Your task is to return, word for word, only the lines from the line with "Ingredients (base) 1" through the close of the data. Exclude all pictures.

··· Dataset content

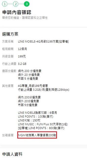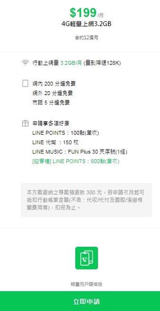 原Po把這標題「吃到飽232元、輕量40元」下得有含蓄, 因為原Po當時沒有把LM的推薦好友禮全算進去。 我想把這好康的方案寫清楚些, LM $199 輕量方案是每月倒貼60元, 對價條件價是請你幫忙拉人來LM(或是像網友直接把推薦碼丟到網路上分享)。 這種倒貼根本是來送門號+送流量、通話量+送錢的, 比2018年的亞太11元方案還優, 想要攢門號的別錯過了(LM 一季一門)。 這LM $199 輕量上網對微量用戶或一些老人而言, 比2018年的亞太11元方案還優, 亞太11元方案還要繳錢, LM $199 輕量方案是倒貼60元請你辦。 因為除了一開始伸手牌拿推薦碼,加贈 LP 200點之外, 辦好門號後,還可以生出1組推薦碼, 可再推薦5個其他人,再拿LP 1000點。 結果原本 4G $499 限速21M吃到飽 (499*12-3200)/12=232元/月 4G $199 輕量上網3.2GB (199*12-1900)/12=40/月 就變成 4G $499 限速21M吃到飽 (499*12-3200-200-1000)/12=132元/月 4G $199 輕量上網3.2GB (199*12-1900-200-1000)/12=-59.33/月 你沒看錯是負號59.33, ○B.加快辦門號速度的秘訣與提前驗證推薦碼是否可用。 為何要加快? 因為我是使用野生推薦碼(即直接放在網路上供使用),需要和網路路人甲乙丙比速度(1組推 薦碼供5個名額)。 如果一次要大量搶單,為避免搞混,建議可用PC一次多開2~3種流覽器(如Edge、Opera、Chr ome、FireFox)好分類 。 PS.為了要幫親戚多搶辦幾組,我4/11號開3個流覽器快搶門號後,到門市辦理時,門市還空 蕩蕩只有一個客人,等 我快辦完,門市來了快10組客人。 因為有別於以前的亞太或台灣之星模式--是要先拿到序號才有登錄到申請網頁; LM的申請網頁可以預先登錄,所以可以預先準備。 你可以選在5點50分左右,準備好已經打好的個人資料,複製貼上的先跑一次以下流程: 拿「 $199 輕量方案」舉例 https://www.linemobile-tw.com/bid?chtlinekey=199 1.進入網頁後,映入眼簾的畫面,按下方「立即申請」。 https://i.imgur.com/ZuXvQQ7.jpeg
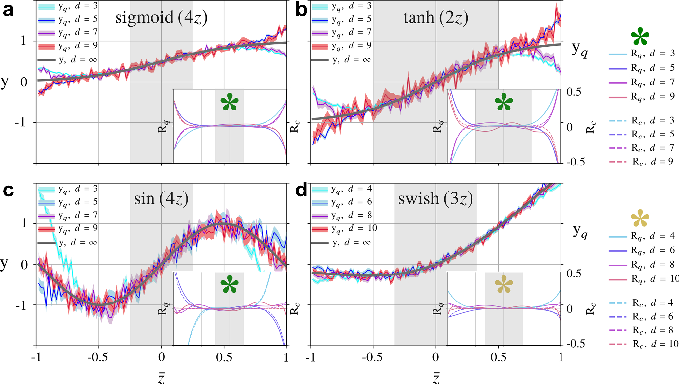 To quantify the difference between \(R_q\) and \(R_c\), let us compute the mean square error (MSE) at different orders d in the gray region of \({\bar{z}}\) in Fig. 4. The value of MSE between \(R_q\) and \(R_c\) is almost always of the order \(10^{-5}\) for \(d=3\) (4 for the swish) and \(10^{-4}\) when d increases. For the hyperbolic tangent, the MSE is of the order \(10^{-3}\) when \(d=7\) and 9.
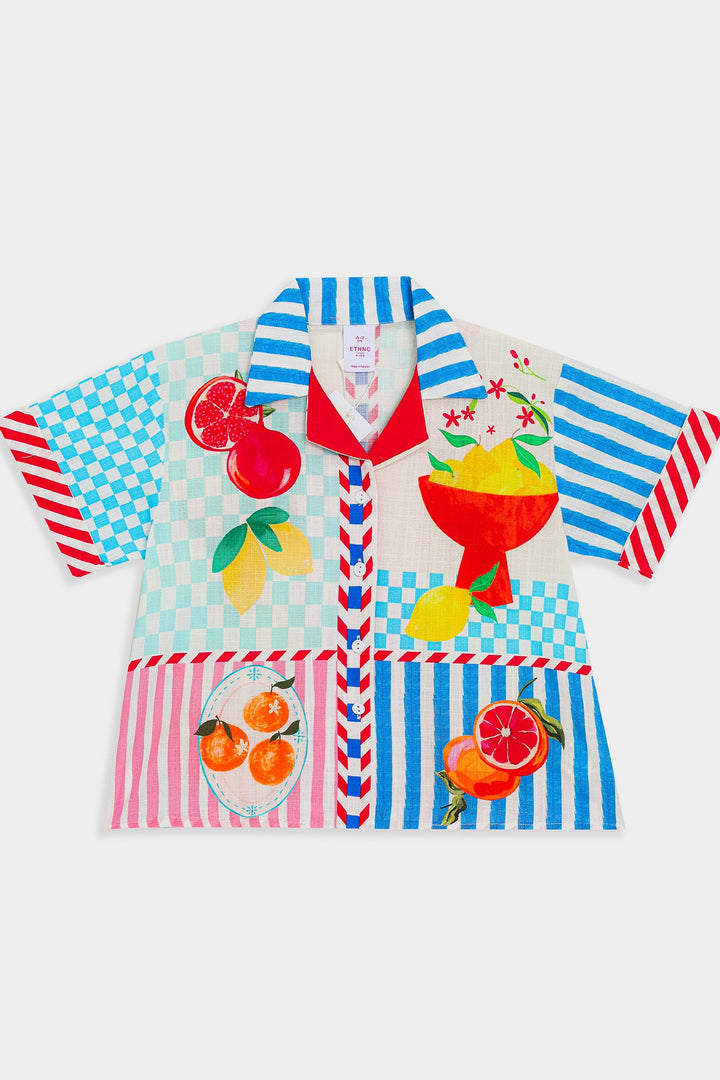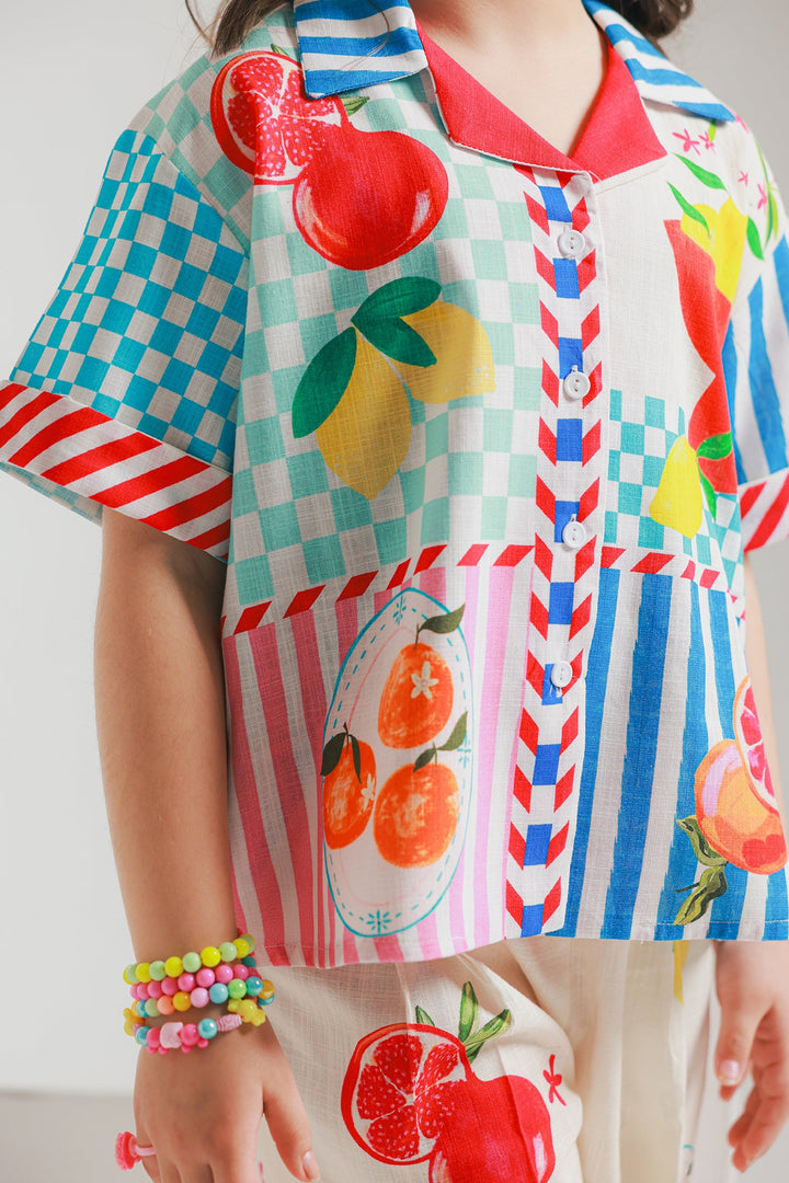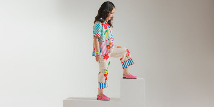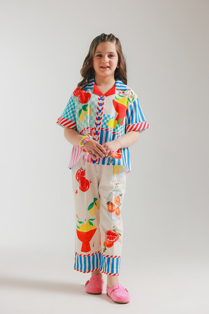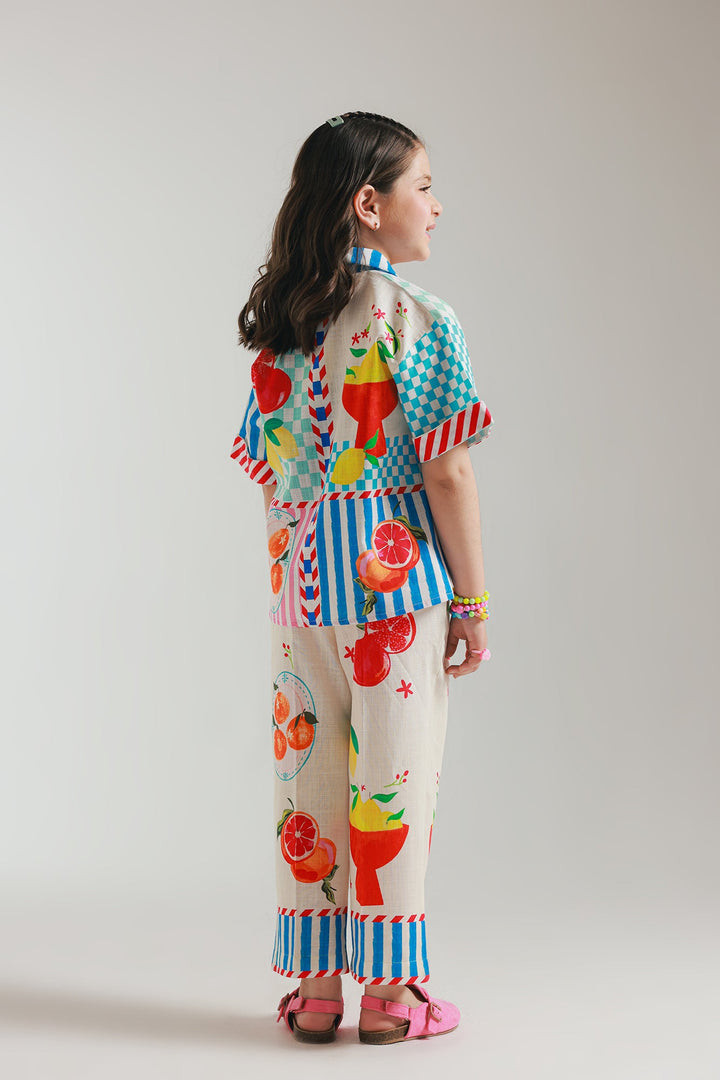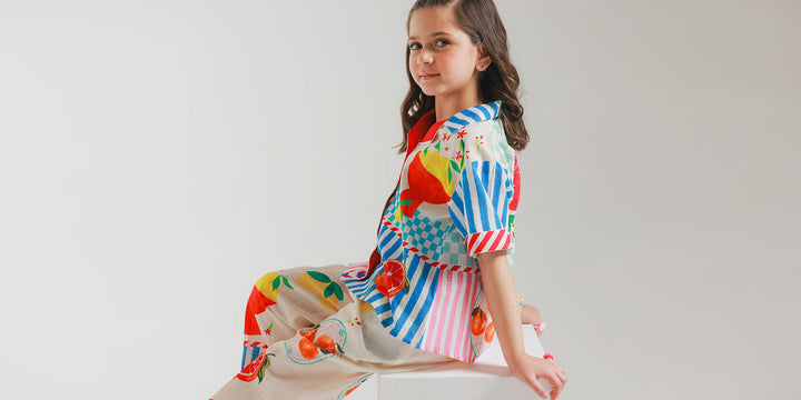 A contemporary composition crafted in a trendy silhouette button down top beautifully adorned with captivating artistic abstract prints in vibrant colors with mesmerizing patterns. Paired with a matching trouser, this style statement outfit is a perfect option for your girls to embrace this spring season.
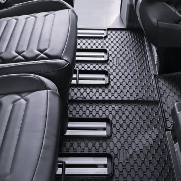 Dywaniki gumowe Ford Transit Tourneo Custom 2024, długa wersja - BRAK DOPASOWANEGO DYWANU DO BAGAŻNIKA. POLECAMY WERSJĘ L1 BEZ BAGAŻNIKA
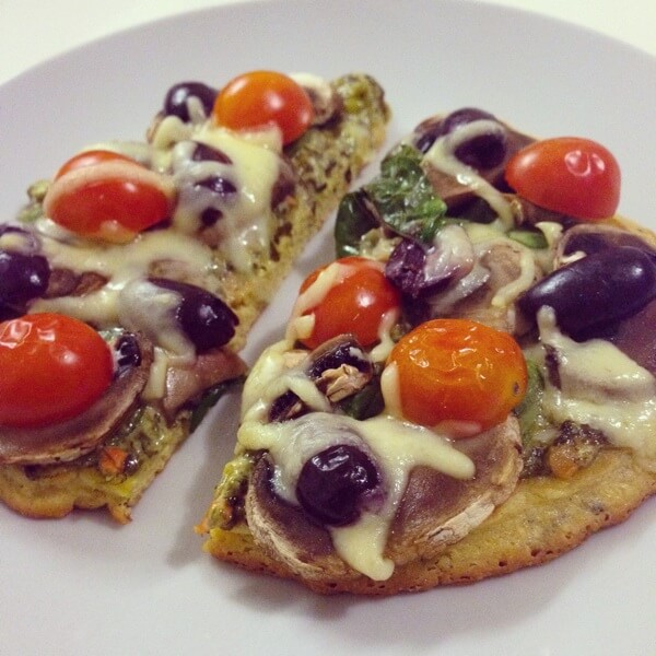 Ingredients (base) 1 tbsp coconut flour 1 tbsp buckwheat flour 1 egg white- 1 tbsp olive oil 1 tbsp water Salt, pepper and herbs, to taste Ingredients (toppings) Pesto Spinach Mushrooms Cherry tomatoes Olives Cheese (Liddell’s lactose…
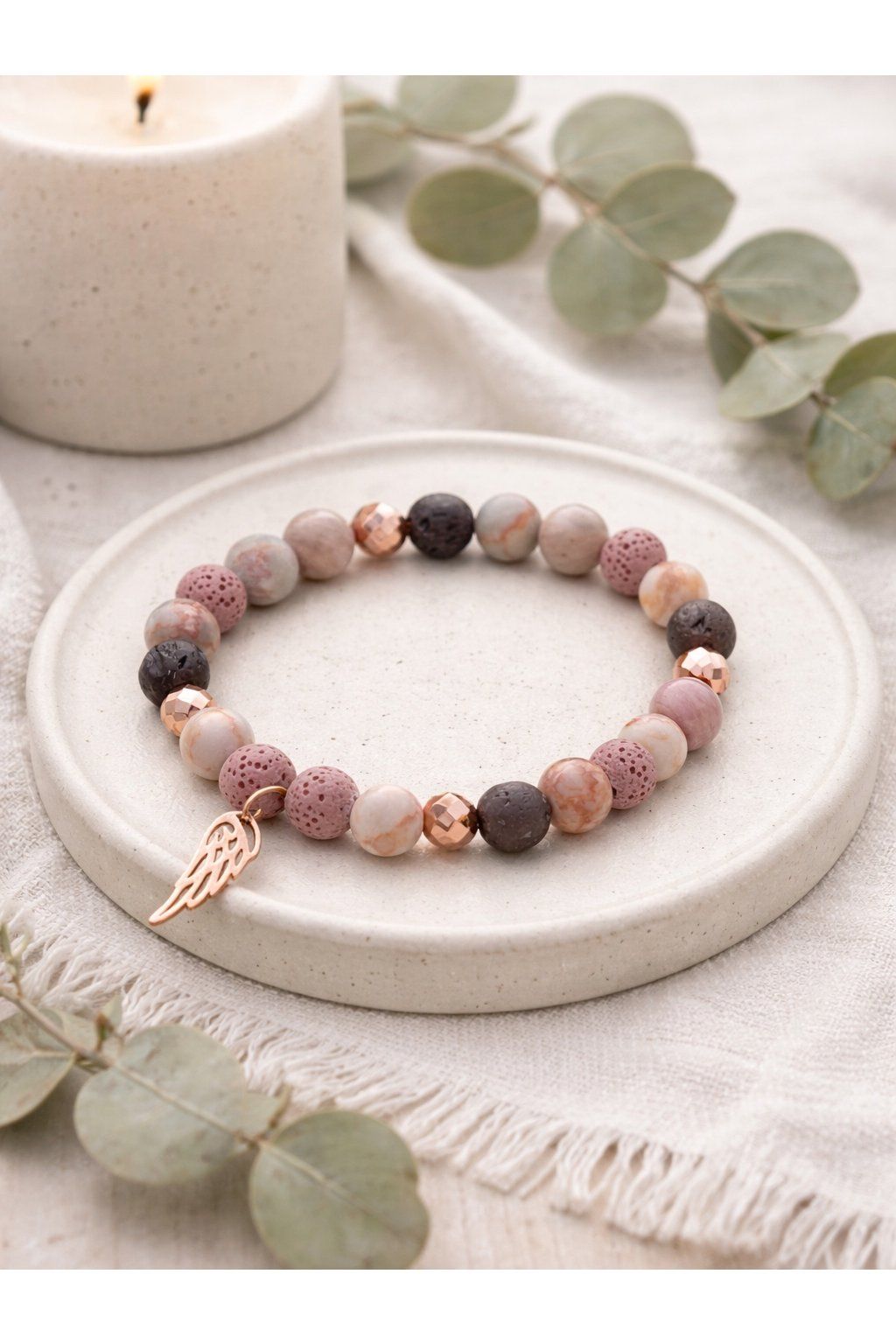 Náramek z minerálu velikosti 8 mm. Standardní velikost náramku 17,5 - 18 cm. Komponenty v barvě rosegold.
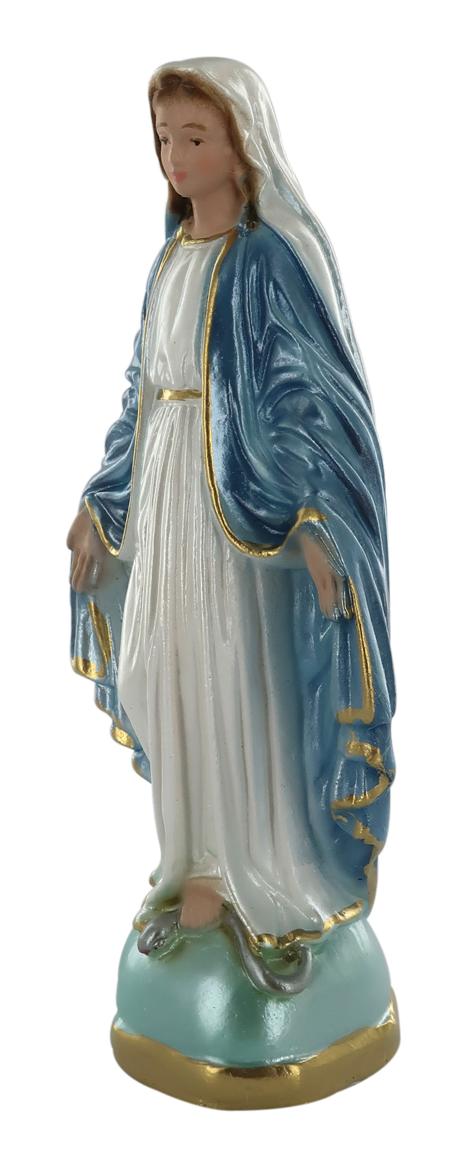 Ferrari & Arrighetti Statua Madonna Miracolosa Dipinta a Mano, Statua Religiosa Classica della Madonna Miracolosa, Statua Religiosa per Nicchia o Vetrinetta, Gesso Madreperlato, 15 Cm

······

Finished task
 Ingredients (base) 1 tbsp coconut flour 1 tbsp buckwheat flour 1 egg white- 1 tbsp olive oil 1 tbsp water Salt, pepper and herbs, to taste Ingredients (toppings) Pesto Spinach Mushrooms Cherry tomatoes Olives Cheese (Liddell’s lactose…
 Náramek z minerálu velikosti 8 mm. Standardní velikost náramku 17,5 - 18 cm. Komponenty v barvě rosegold.
 Ferrari & Arrighetti Statua Madonna Miracolosa Dipinta a Mano, Statua Religiosa Classica della Madonna Miracolosa, Statua Religiosa per Nicchia o Vetrinetta, Gesso Madreperlato, 15 Cm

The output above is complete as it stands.